▶ _Records contained in a dataset_
========

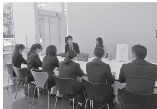
業界研究セミナーの様子
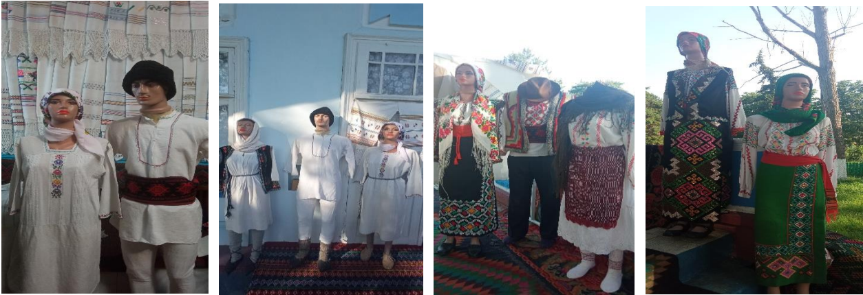
Figura 2 Expoziție de costume populare
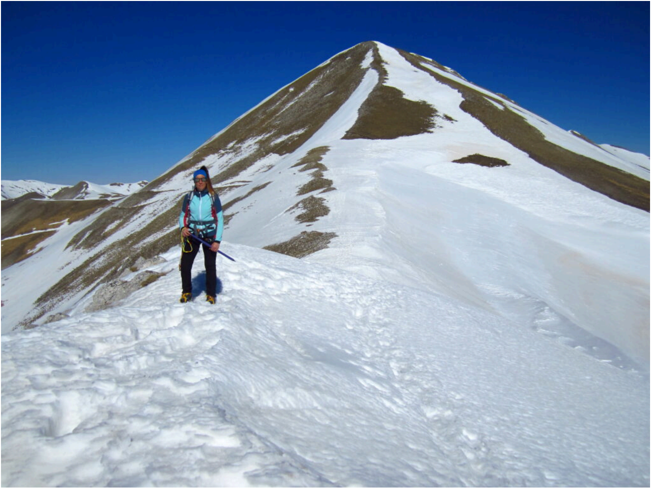
12- L'uscita in cresta, alle spalle il Monte Porche.
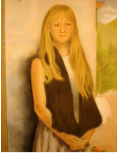
Judy – de Fernando Martín Nava Adaptación de una obra de Allan Banks
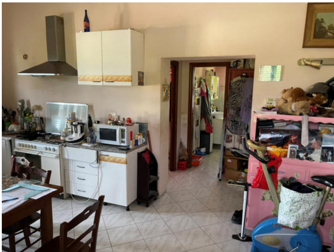
U.I. P1° - Soggiorno e Cucina, con vista disimpegno notte
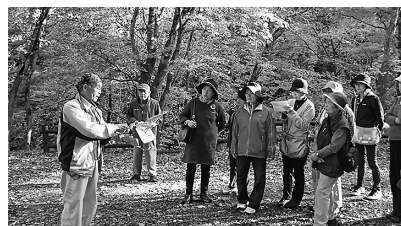
紅葉を見るため奥州市衣川へ
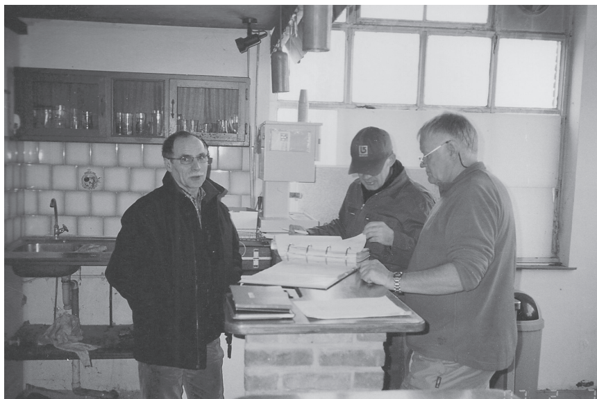
De inspecteurs van het DgL kijken de levensloopmappen na...
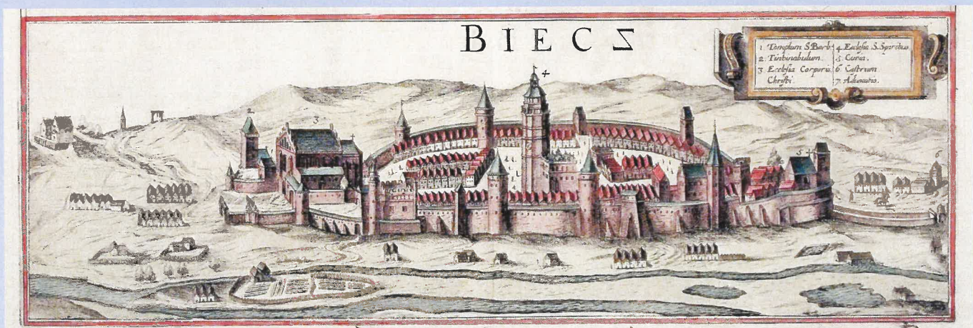
Rycina z dzieła Georga Brauna i Franza Hogenberga z widokiem Biecza z 1617 r.

W XV wieku doszło do sporu o przymus drożny między Bieczem a Nowym Sączem, a także Ciężkowicami o przewóz towarów z Bardejowa i okolic. Władze bardejowskie, które

========

▶ _WORK TASK_
The answer should be an exact copy of the lines from the one containing "Rycina z dzieła" through the last line of the entries, both included.

▶ _TASK SOLUTION_
Rycina z dzieła Georga Brauna i Franza Hogenberga z widokiem Biecza z 1617 r.

W XV wieku doszło do sporu o przymus drożny między Bieczem a Nowym Sączem, a także Ciężkowicami o przewóz towarów z Bardejowa i okolic. Władze bardejowskie, które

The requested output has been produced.